Set down each entry exactly; omit images.

(Extracted entries begins)

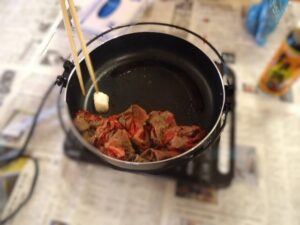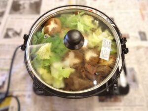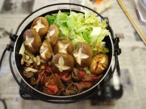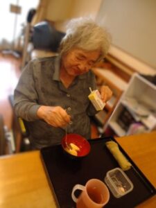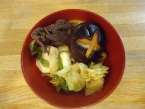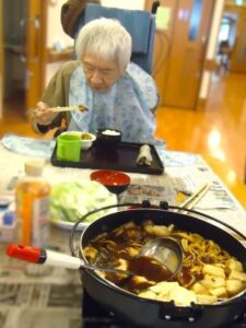 2025.10.12 行 事 すき焼きはやっぱり好きです🥩 寒さが深まる、少し前にフライングですき焼きをしました🥩😄 この写真を見るだけでも、お腹が空いてきますね! 目の前で香る、お肉や醤油の香りが食欲ましましですね!! すき焼きの後にはお口直しの梨をご用意しました🍐 食べづらさがある方はミキサーでジュースにしました😄 まだまだこれからが本格的な寒さになってくると思いますが この季節だからこそおいしい食べ物をたくさん食べたいですね😁
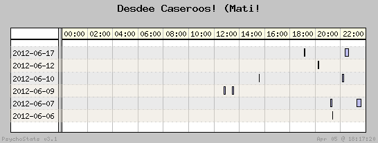 | 2012-06-17 | 7 | 15 | 0.47 | 4 | 57.14% | 4.48% | 00:20:16 | 217.84 |
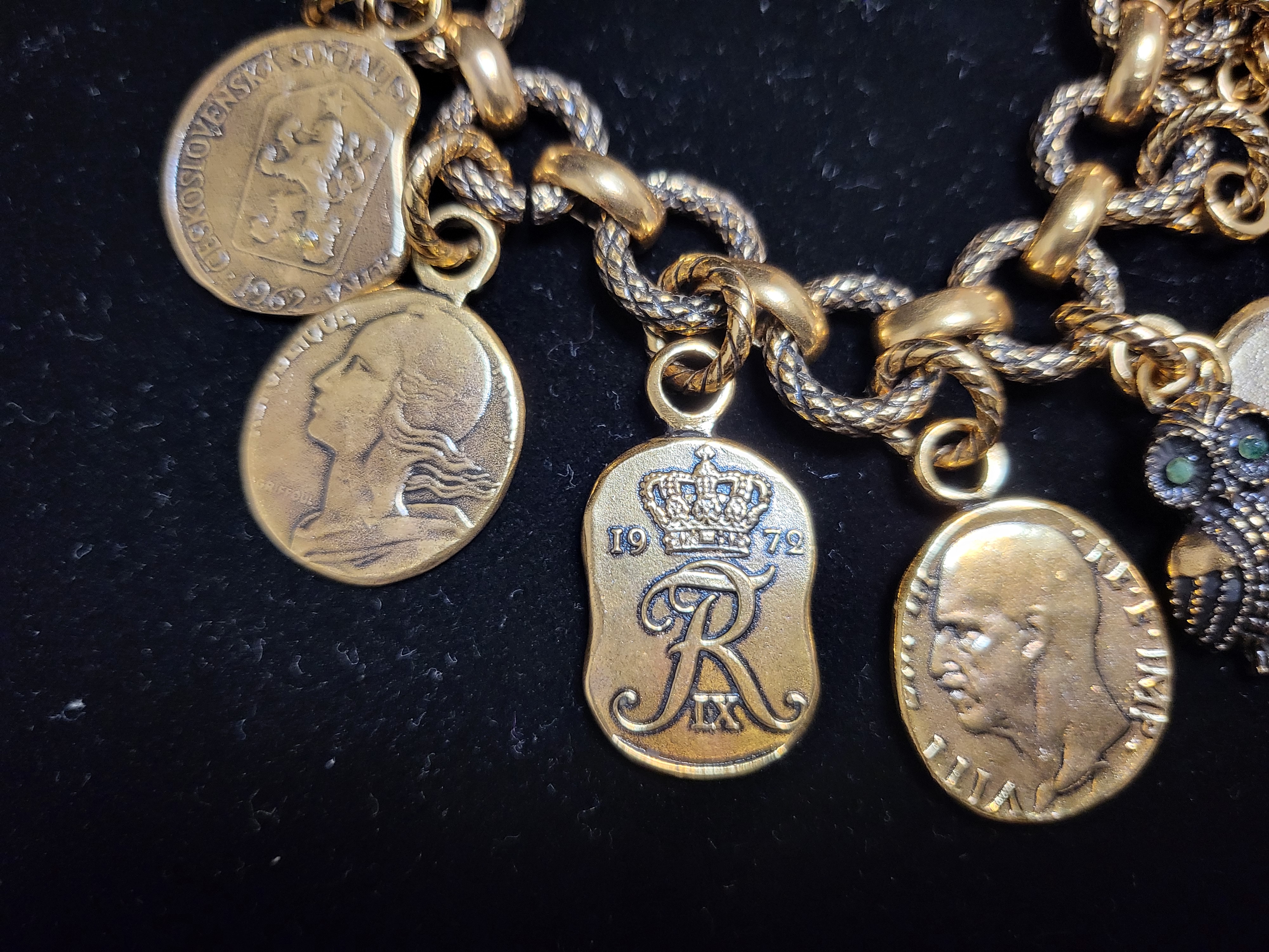 • Golden brass Bracelet with tiny rollò rings in a chain supporting coins from different parts of the worlds, worn and wrought, and an owl with emerald eyes
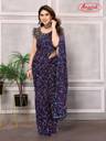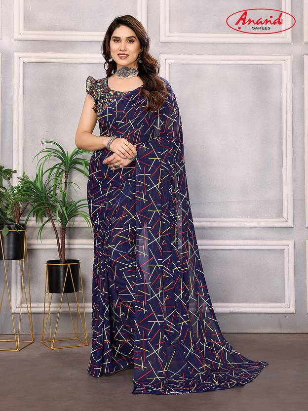 Georgette Daily Wear Dark Blue Colored Striped::Printed Party Wear Saree With Printed Un-Stitched Blouse Piece .comes along unstitched georgette blouse which you can customise as per your design/style.
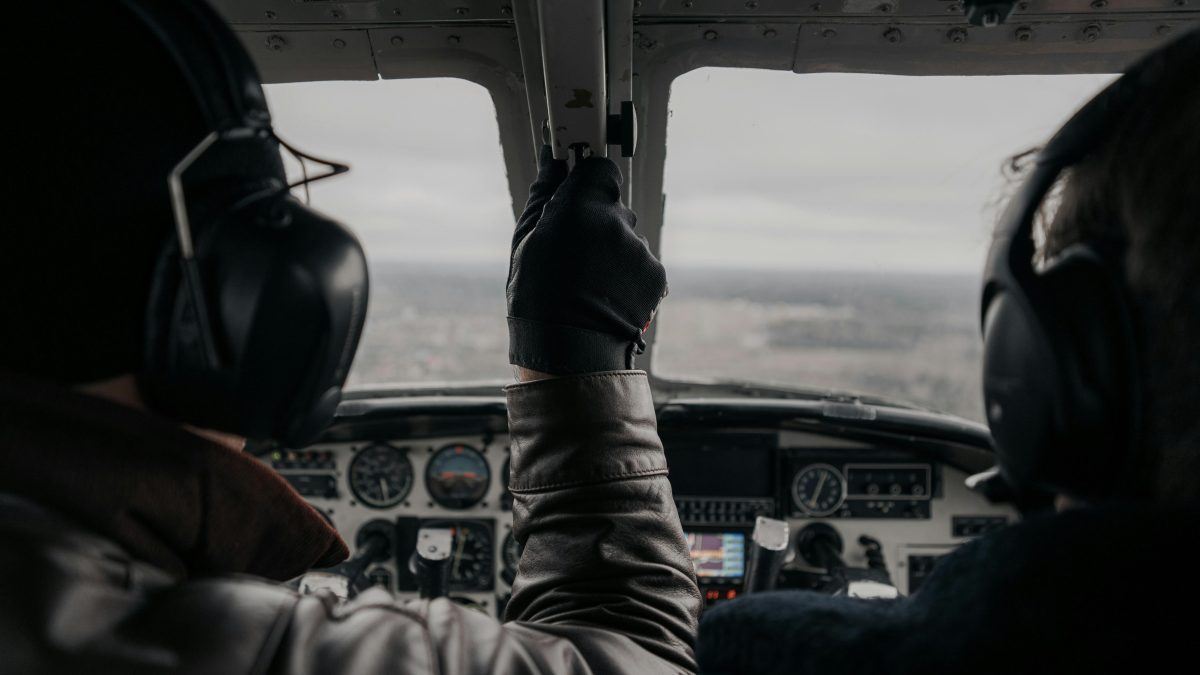 Pilots in the cockpit during flight.
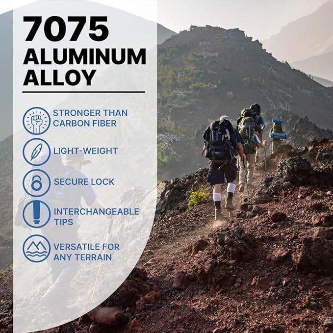 - 【High-Quality Materials】Crafted from aircraft-grade 7075 aluminum alloy, these poles are exceptionally lightweight at just 10.3 oz each, yet incredibly sturdy, durable, and resistant to extreme temperatures, making them suitable for challenging terrains and heavy loads.
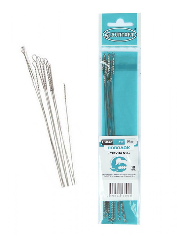 За время своего существования компания Контакт заслужила репутацию очень надежного производителя. Самыми известными товарами в ассортименте бренда являются различные варианты поводков. В том числе популярные поводки из стальной нержавеющей проволоки «Струна». Поводки отличаются достаточно качественной скруткой с обеих сторон и пользуются высокой популярностью среди отечественных рыболовов. Выпускаются в различных модификациях.

(Extracted entries ends)

### Answer:
 2025.10.12 行 事 すき焼きはやっぱり好きです🥩 寒さが深まる、少し前にフライングですき焼きをしました🥩😄 この写真を見るだけでも、お腹が空いてきますね! 目の前で香る、お肉や醤油の香りが食欲ましましですね!! すき焼きの後にはお口直しの梨をご用意しました🍐 食べづらさがある方はミキサーでジュースにしました😄 まだまだこれからが本格的な寒さになってくると思いますが この季節だからこそおいしい食べ物をたくさん食べたいですね😁
 | 2012-06-17 | 7 | 15 | 0.47 | 4 | 57.14% | 4.48% | 00:20:16 | 217.84 |
 • Golden brass Bracelet with tiny rollò rings in a chain supporting coins from different parts of the worlds, worn and wrought, and an owl with emerald eyes
 Georgette Daily Wear Dark Blue Colored Striped::Printed Party Wear Saree With Printed Un-Stitched Blouse Piece .comes along unstitched georgette blouse which you can customise as per your design/style.
 Pilots in the cockpit during flight.
 - 【High-Quality Materials】Crafted from aircraft-grade 7075 aluminum alloy, these poles are exceptionally lightweight at just 10.3 oz each, yet incredibly sturdy, durable, and resistant to extreme temperatures, making them suitable for challenging terrains and heavy loads.
 За время своего существования компания Контакт заслужила репутацию очень надежного производителя. Самыми известными товарами в ассортименте бренда являются различные варианты поводков. В том числе популярные поводки из стальной нержавеющей проволоки «Струна». Поводки отличаются достаточно качественной скруткой с обеих сторон и пользуются высокой популярностью среди отечественных рыболовов. Выпускаются в различных модификациях.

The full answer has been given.